* **TASK DIRECTIONS**
In the listing below, find each line with the string "SOGGIORNO" and report it.
[DATA — start]
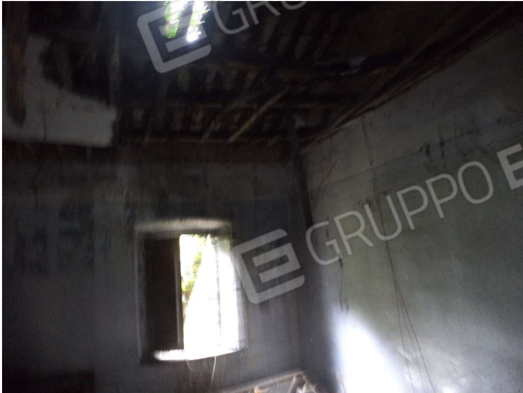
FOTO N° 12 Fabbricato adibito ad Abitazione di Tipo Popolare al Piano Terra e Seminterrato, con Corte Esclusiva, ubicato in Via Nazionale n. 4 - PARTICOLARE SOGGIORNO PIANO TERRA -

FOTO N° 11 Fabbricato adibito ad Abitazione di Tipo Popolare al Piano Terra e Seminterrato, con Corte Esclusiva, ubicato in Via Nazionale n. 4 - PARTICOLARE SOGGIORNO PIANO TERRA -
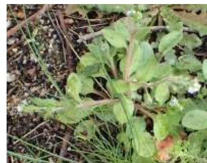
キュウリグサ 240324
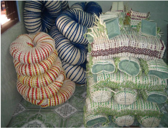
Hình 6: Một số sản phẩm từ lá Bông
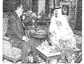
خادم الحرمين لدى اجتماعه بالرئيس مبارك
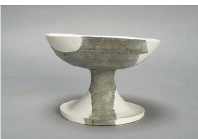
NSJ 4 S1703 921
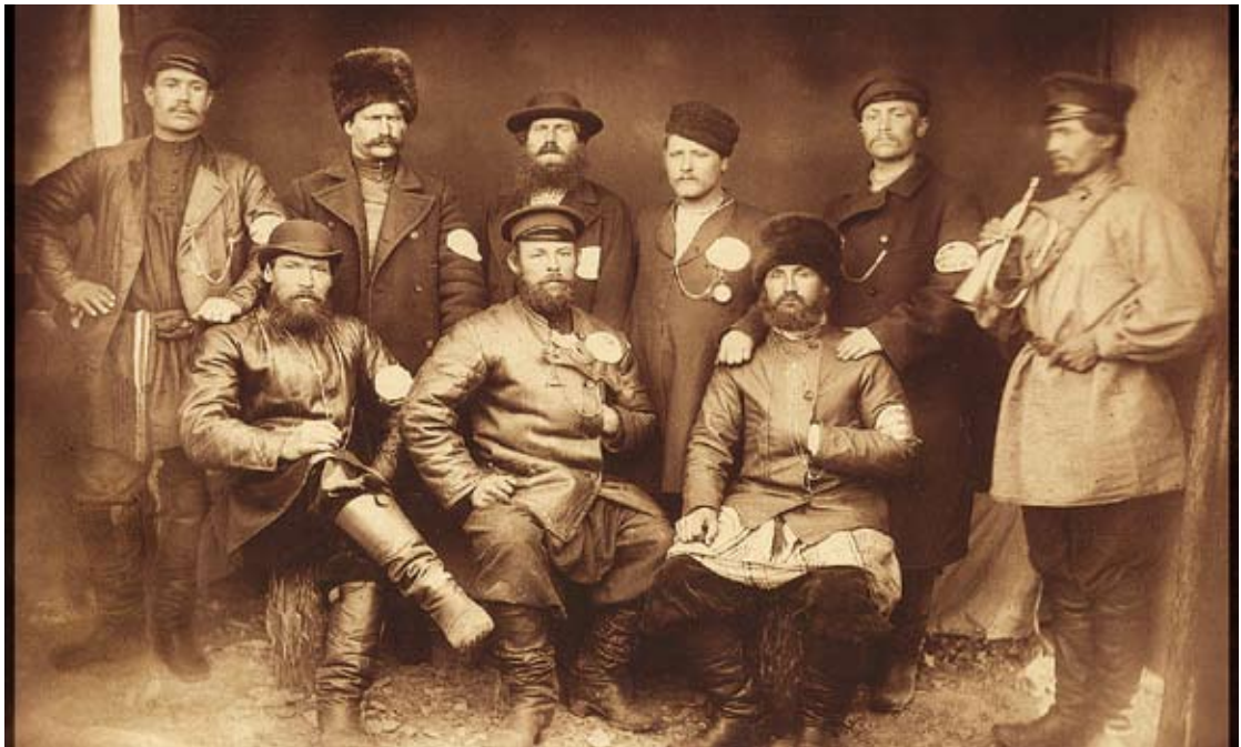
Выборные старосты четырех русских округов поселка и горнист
[DATA — finish]
[DATA — start]
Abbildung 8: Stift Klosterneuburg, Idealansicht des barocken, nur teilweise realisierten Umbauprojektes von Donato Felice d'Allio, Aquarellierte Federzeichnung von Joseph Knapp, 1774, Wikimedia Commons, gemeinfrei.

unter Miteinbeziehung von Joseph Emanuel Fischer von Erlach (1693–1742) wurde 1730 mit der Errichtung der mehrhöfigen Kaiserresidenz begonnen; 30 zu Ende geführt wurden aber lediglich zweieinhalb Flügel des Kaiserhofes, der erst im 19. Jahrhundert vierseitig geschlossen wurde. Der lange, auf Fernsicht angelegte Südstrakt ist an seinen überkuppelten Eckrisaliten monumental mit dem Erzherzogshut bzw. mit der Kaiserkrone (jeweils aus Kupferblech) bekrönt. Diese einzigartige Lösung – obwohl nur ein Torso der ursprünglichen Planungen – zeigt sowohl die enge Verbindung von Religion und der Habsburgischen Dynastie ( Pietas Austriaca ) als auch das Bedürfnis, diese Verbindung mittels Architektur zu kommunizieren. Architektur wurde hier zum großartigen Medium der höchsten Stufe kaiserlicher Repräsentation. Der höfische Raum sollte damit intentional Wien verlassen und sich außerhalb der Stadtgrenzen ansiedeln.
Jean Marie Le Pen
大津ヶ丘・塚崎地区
[DATA — finish]
[DATA — start]
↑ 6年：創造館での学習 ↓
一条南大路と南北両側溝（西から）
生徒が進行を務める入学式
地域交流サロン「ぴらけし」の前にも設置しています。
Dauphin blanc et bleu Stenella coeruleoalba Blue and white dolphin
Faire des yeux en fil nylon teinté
[DATA — finish]
* **EXERCISE OUTPUT**
FOTO N° 12 Fabbricato adibito ad Abitazione di Tipo Popolare al Piano Terra e Seminterrato, con Corte Esclusiva, ubicato in Via Nazionale n. 4 - PARTICOLARE SOGGIORNO PIANO TERRA -
FOTO N° 11 Fabbricato adibito ad Abitazione di Tipo Popolare al Piano Terra e Seminterrato, con Corte Esclusiva, ubicato in Via Nazionale n. 4 - PARTICOLARE SOGGIORNO PIANO TERRA -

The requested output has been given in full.